Raid5 is usually a bad choice for writing, especially with many small files, and especially with that many disks. You may google for "read5 write penalty". The fact that you are using such expensive SSDs indicates that you want performance. Maybe Raid10 should be the better choice. Regarding XFS, I've switched from XFS to EXT4 many years ago because EXT4 was dozens of times faster for creating or deleting many small files. I've heard that XFS has been improved simce then but I've never tested it again. Your particular number "36files/s" on XFS is something which sounds very familar to me. Another thing hardware controllers may disable the write cache of your HDs by default.

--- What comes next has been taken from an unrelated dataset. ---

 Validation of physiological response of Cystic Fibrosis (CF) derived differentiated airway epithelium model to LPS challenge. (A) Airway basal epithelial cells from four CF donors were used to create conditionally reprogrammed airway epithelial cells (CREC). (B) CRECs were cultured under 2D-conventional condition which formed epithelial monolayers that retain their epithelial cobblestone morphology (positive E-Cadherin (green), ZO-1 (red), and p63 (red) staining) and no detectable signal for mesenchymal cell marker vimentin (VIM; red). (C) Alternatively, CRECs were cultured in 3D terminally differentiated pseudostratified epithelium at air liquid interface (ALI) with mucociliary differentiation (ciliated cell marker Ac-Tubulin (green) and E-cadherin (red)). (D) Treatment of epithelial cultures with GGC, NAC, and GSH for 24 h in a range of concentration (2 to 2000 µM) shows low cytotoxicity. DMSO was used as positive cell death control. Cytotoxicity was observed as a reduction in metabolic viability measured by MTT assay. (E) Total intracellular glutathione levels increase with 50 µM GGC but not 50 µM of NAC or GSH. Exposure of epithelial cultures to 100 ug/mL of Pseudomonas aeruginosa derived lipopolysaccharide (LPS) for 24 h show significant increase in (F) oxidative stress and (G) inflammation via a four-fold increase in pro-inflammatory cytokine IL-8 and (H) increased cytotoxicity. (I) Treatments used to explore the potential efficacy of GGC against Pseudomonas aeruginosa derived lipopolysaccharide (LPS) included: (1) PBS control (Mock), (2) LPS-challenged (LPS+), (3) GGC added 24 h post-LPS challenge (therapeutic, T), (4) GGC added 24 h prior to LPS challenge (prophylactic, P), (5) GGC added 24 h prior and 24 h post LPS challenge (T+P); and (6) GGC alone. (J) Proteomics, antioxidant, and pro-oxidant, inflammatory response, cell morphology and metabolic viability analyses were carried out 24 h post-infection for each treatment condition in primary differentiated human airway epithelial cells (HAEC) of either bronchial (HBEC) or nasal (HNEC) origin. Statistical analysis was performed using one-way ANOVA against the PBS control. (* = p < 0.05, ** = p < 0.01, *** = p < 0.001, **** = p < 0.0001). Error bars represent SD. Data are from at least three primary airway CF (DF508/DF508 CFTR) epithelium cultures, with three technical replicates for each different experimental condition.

The problem arrives when the data are to be deleted: Doing an rm -rf on a 700GB directory tree (several cameras, several runs, so the data is typically split in some 30-40 subdirectories) takes around 40 MINUTES.

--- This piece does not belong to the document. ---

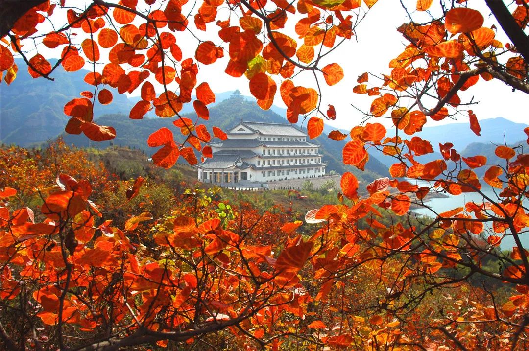 河南黃河三峽紅葉,紅得厚重,紅得廣闊,天地交輝,山水相映。

Now I know that XFS is not the fastest for this operation, BUT: The computer has an 'emergency RAID set', in case we run out of space. It is a 6x6TB HDD RAID5, connected to the mainboards SATA ports. Also mdadm RAID with XFS. On this (in general performance much slower) 28TB RAID, the same dataset gets deleted in around 2 minutes.

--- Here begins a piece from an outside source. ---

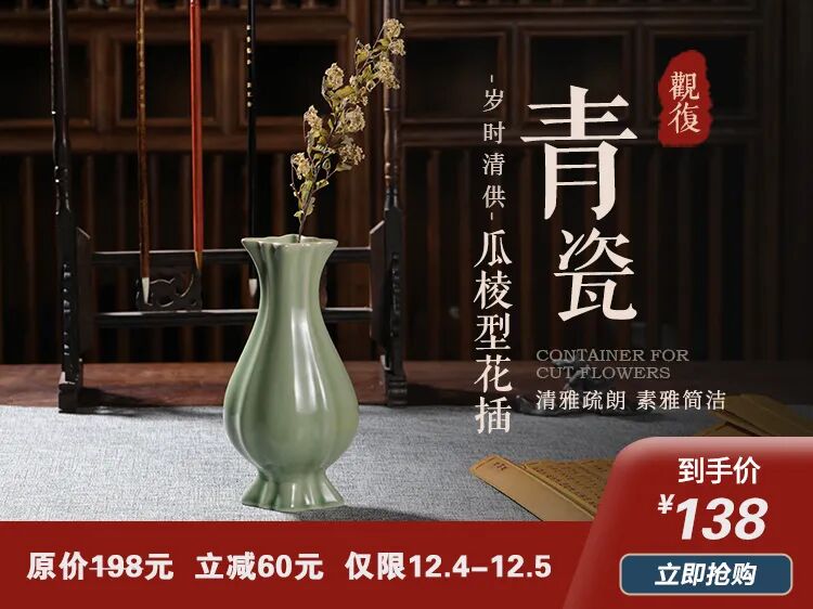 12月4-5日,此款「岁时清供·青瓷瓜棱形花插」限时优惠中......

AFAIR such benchmarks are only comparable if both file systems have the same size and content, or even better they are both empty, newly created. I remember that I could never reproduce my old measurements after the file system was in heavy use for some months.
I tried (on a different computer though) 'faking' a 16-disk RAID on 4 1TB SSDs with 4 partitions each (on MB SATA ports), that one also deleted 'fast' (1.5 min)
So the big question is what is wrong with the SSD RAID? Is it the number of disks, the LSI card, the size of the volume? Did anyone see similar problems before? Any input is highly welcome :)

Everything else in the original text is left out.